<<<<

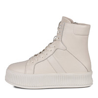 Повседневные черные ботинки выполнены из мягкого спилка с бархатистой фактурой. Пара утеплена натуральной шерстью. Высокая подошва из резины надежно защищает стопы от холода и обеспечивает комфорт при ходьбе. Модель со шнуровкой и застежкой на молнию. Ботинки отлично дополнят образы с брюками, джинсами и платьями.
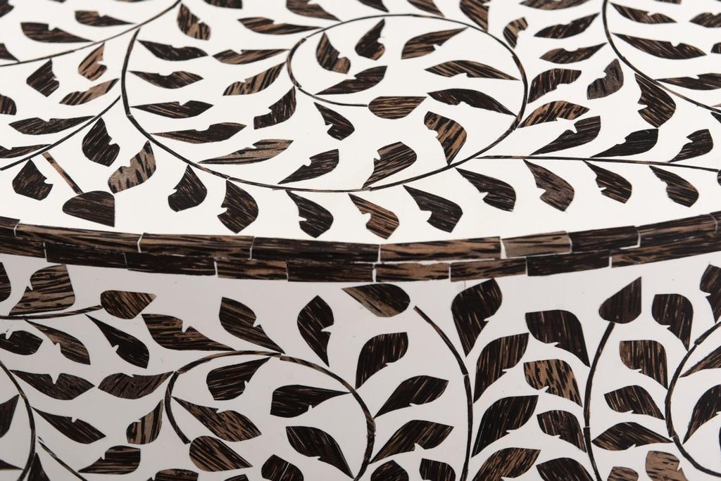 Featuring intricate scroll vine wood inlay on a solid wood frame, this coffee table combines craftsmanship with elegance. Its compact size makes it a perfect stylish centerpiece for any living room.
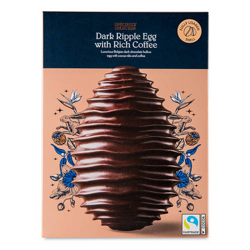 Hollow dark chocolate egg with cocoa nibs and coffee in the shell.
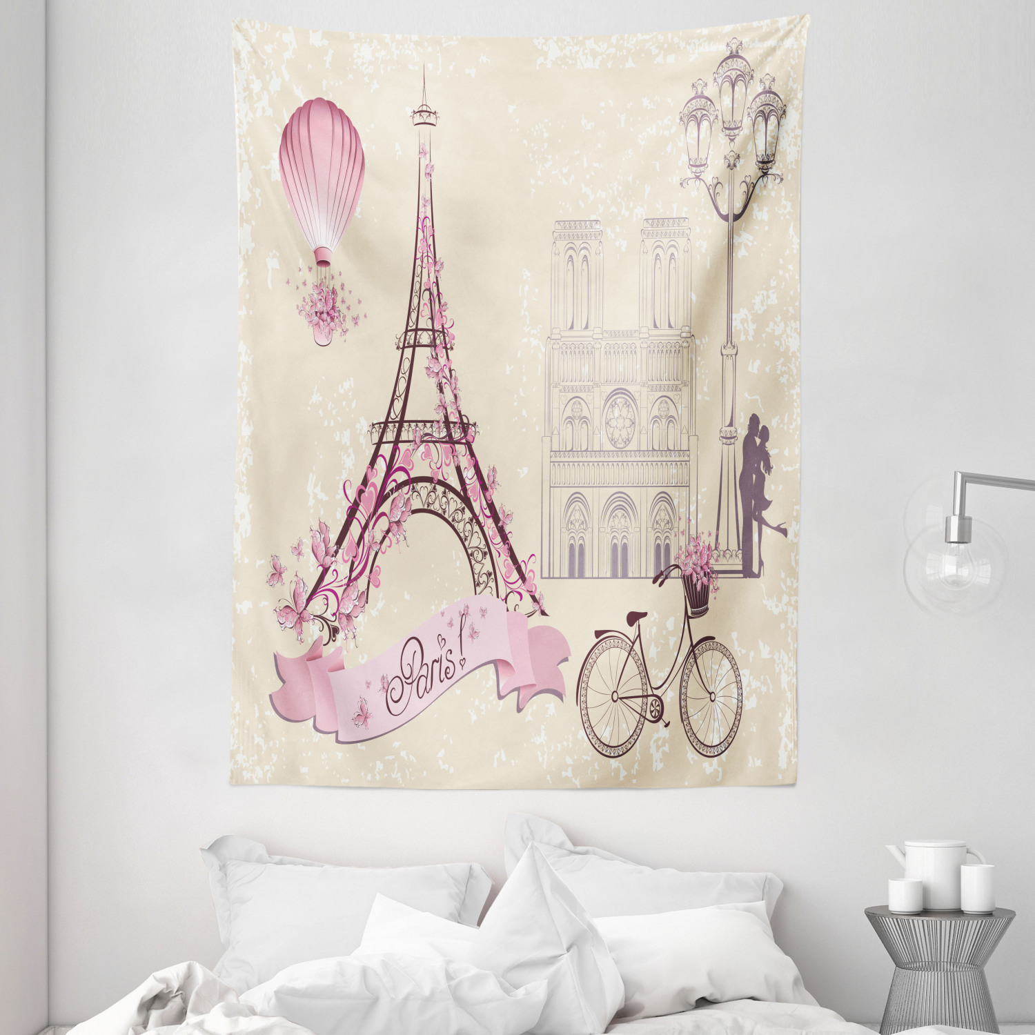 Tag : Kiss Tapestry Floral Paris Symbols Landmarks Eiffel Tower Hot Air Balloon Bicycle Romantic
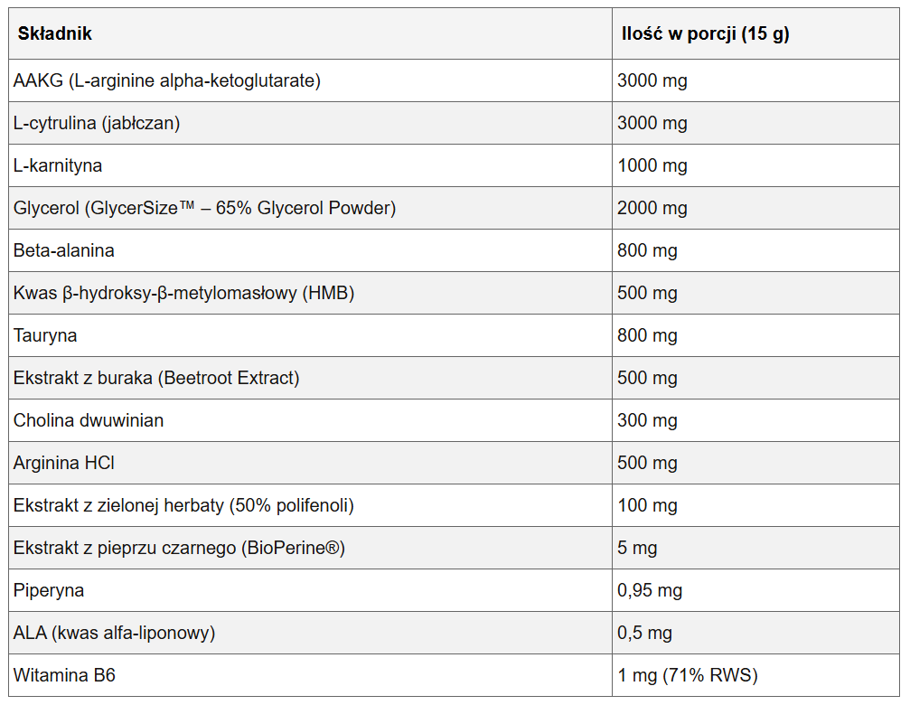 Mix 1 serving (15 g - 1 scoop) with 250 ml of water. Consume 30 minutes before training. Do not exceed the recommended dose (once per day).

>>>>
<<<<

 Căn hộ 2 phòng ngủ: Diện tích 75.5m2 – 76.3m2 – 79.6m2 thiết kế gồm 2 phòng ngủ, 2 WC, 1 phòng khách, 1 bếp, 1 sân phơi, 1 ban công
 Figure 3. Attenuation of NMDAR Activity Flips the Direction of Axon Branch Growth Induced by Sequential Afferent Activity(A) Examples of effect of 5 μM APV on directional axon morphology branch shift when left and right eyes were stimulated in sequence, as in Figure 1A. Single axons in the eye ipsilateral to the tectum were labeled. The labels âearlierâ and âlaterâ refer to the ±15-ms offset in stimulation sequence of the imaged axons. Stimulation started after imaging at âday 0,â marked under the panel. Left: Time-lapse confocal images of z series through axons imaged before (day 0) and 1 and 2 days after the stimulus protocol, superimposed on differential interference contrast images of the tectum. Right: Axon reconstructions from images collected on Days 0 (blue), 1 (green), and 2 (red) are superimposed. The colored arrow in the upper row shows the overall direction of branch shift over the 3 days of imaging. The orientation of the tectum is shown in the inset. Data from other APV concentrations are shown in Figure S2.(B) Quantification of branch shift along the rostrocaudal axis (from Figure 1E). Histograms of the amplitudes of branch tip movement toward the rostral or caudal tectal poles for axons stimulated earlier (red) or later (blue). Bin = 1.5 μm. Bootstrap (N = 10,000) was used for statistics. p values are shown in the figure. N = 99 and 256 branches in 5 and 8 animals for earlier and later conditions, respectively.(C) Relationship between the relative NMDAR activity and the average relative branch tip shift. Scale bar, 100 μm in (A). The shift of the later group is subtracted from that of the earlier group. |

>>>>
<<<<

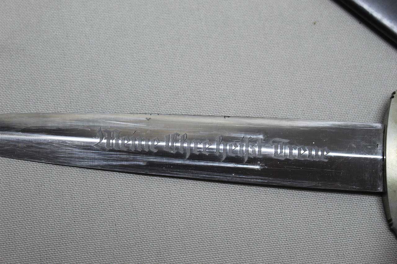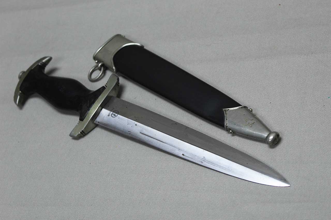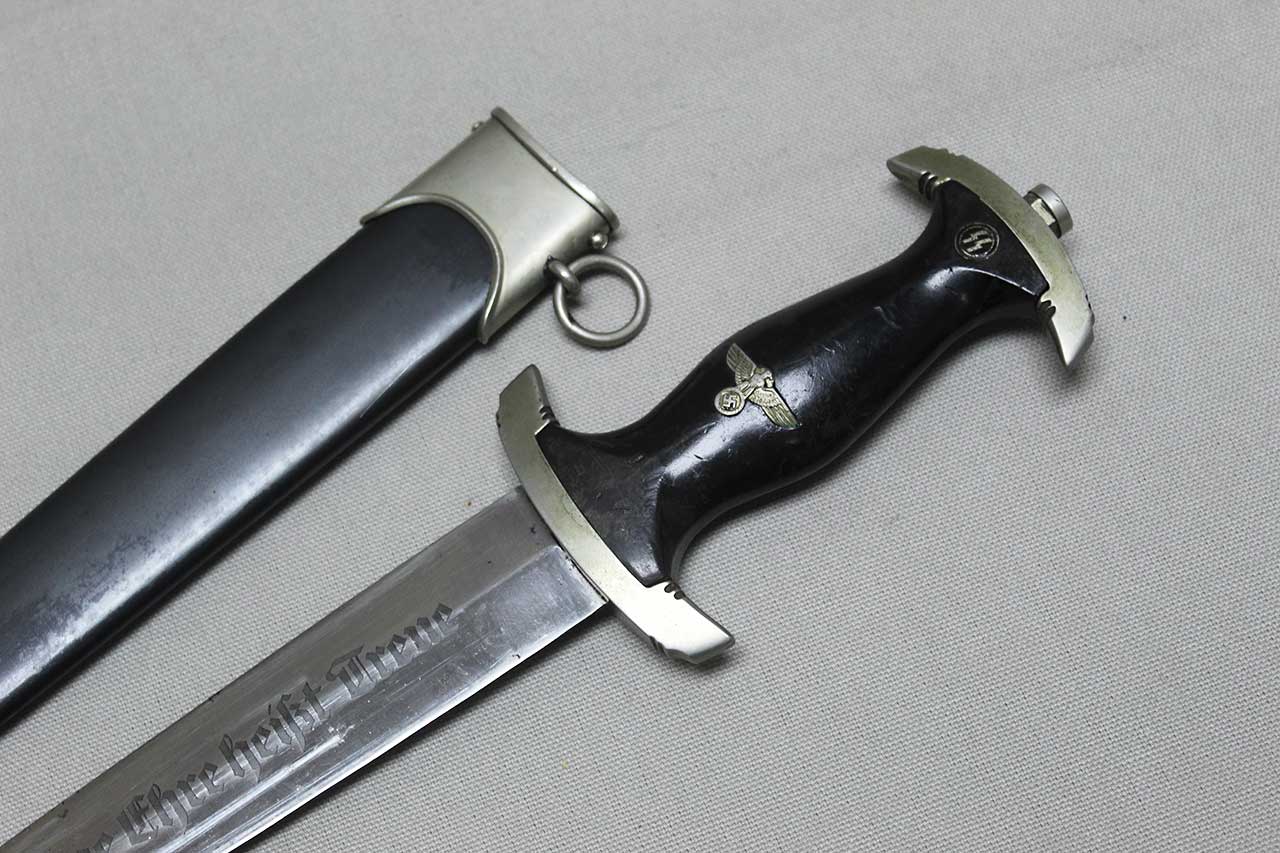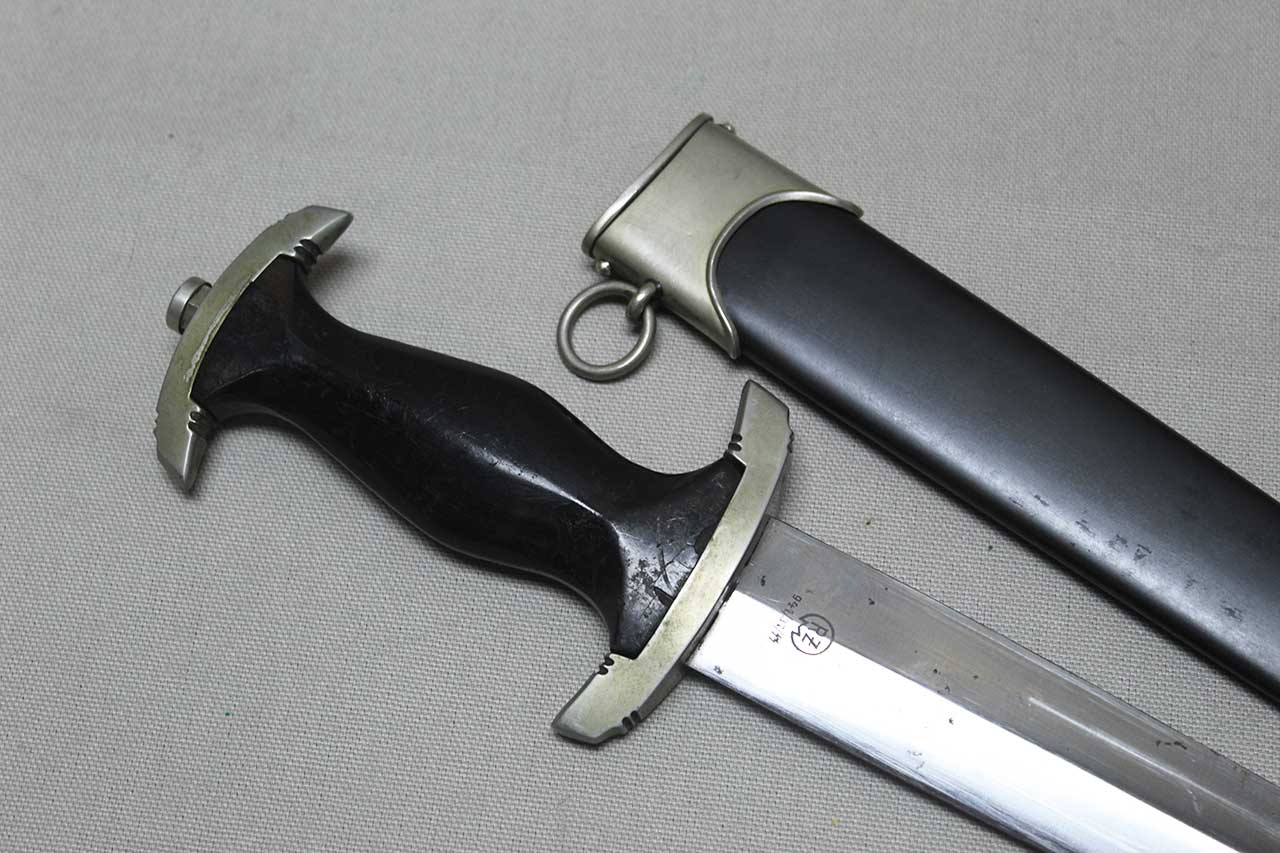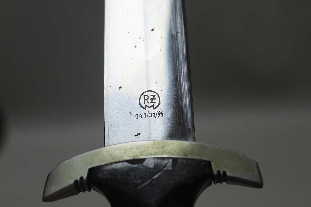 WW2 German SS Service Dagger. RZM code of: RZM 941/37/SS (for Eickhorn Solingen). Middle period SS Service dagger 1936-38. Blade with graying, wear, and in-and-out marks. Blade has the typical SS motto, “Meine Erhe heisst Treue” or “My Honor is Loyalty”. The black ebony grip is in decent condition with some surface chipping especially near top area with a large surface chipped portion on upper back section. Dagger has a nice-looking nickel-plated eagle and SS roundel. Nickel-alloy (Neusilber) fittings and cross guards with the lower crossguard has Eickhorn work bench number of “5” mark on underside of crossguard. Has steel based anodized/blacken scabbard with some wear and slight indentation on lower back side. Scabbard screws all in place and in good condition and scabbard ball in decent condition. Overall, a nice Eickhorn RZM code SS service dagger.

>>>>

EXERCISE INSTRUCTIONS: The copy should hold only the lines from the one with "Featuring intricate scroll" through the one with "Hollow dark chocolate", exactly as they stand above. Leave out the pictures.

ANSWER TO THIS PROBLEM:
 Featuring intricate scroll vine wood inlay on a solid wood frame, this coffee table combines craftsmanship with elegance. Its compact size makes it a perfect stylish centerpiece for any living room.
 Hollow dark chocolate egg with cocoa nibs and coffee in the shell.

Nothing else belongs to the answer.